If you want your stubborn back to start growing, you need to attack it from all angles. And you need to do it with more focus on tension rather than just how much weight you can throw around. Try these exercises.
Eagle pulldowns are essentially a chest-supported lat pulldown using a wider than usual grip. The wider grip is nicely complemented with the cables, as the cables work to load you in the right direction. This is different than what you'd get from an ultra-wide grip on regular pulldowns where the force is coming from a different direction.
Because of the direction of force from the cables, you'll be working a part of your back that usually gets left out in most back workouts. Your bitchy elbows will also enjoy the extra freedom of using two cables instead of a stiff bar.
The chest-supported position helps lock you down and focus on upper back and lat engagement. A belly-down position on a bench gives your low back a break.
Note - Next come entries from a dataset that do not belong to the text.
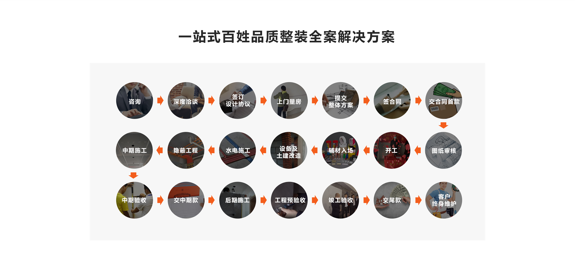 每個工作人員都需通過公司專業系統培訓后上崗,從設計、簽約、選材、施工到交付,服務全過程保障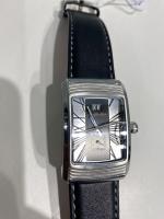 MAUBOUSSIN, modèle Energie vitale. Large montre bracelet, boîtier rectangulaire, cadran fond acier, cadran des secondes et guichet dateur en 12h. Vitre accidentée.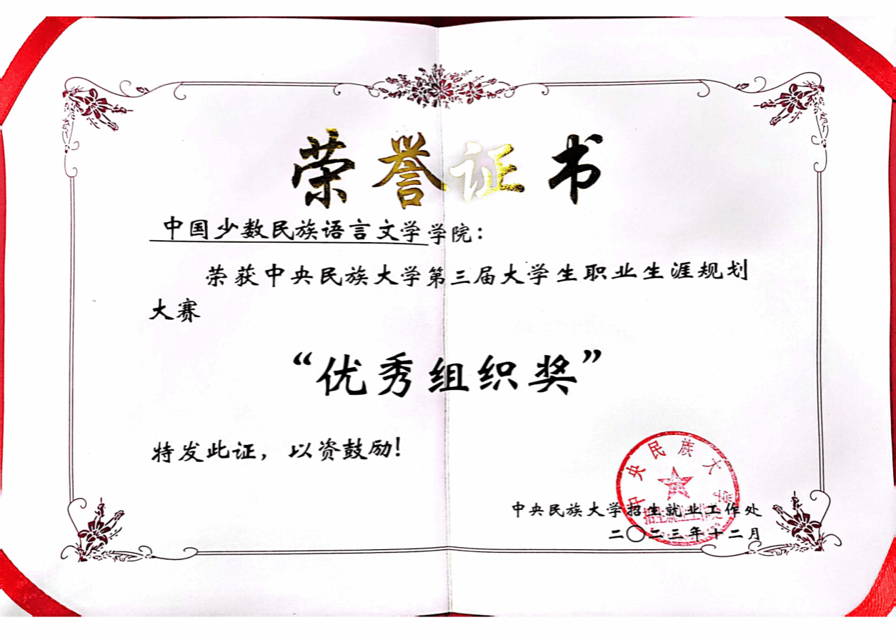 第三届大学生职业生涯规划大赛。在本次大赛中,我院精心组织、广泛动员,为参赛选手提供支持和指导,最终荣获优秀组织奖。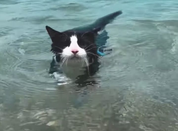 イヌに「犬かき」を教わった猫、見事な泳ぎを披露!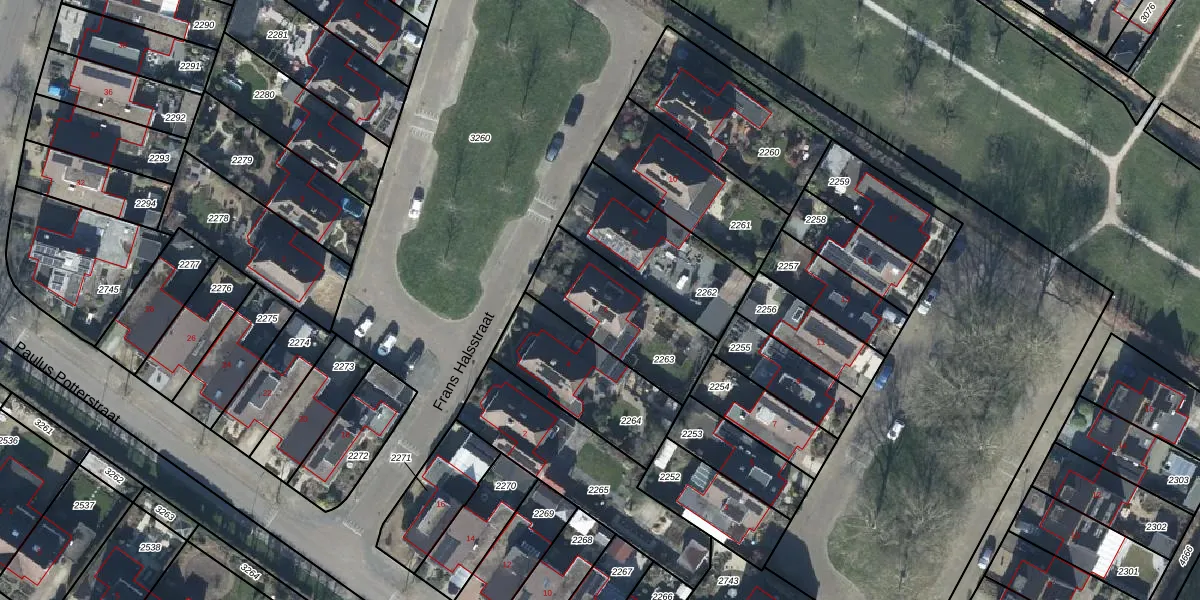 Het perceel waarop Frans Halsstraat 6 staat heeft een oppervlakte van 400 m². Dit is een groot perceel. De perceeloppervlakte wordt geregistreerd door het Kadaster. Gedetailleerde informatie over de maten van dit perceel kunt u vinden in het rapport Kadastrale kaart met maatvoering van Frans Halsstraat 6.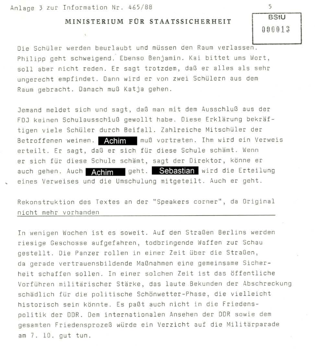3 Überlegen Sie, weshalb die Stasi über die Ereignisse an der Schule berichtet und nicht der Schulleiter, der Schulrat oder ein pädagogisches Gremium.

If you're wanting to save your low back for other exercises – deadlifts, say – chest-supported variations are a good way to manage volume for your hips and spinal erectors. And they're not so taxing on your CNS.
Spider rows are the more horizontal version of the eagle pulldown. Because of the change in cable height and force alignment, these are more useful as an exercise to hit your rhomboids and mid-traps.
Just like eagle pulldowns, spider rows are chest-supported and more back friendly than bent-over rows. For more targeted volume for your mid-back, spider rows are one to add to the toolbox.
Eagle pulldowns and spider rows work because they offer an alternative angle to more traditional back workouts. Instead of regular lat pulldowns, try using eagle pulldowns for a few weeks.
Seated cable rows are old news! Put a new angle on your horizontal pulls by using spider rows instead. Both of these work well as secondary exercises. Try sets of 12-15 reps.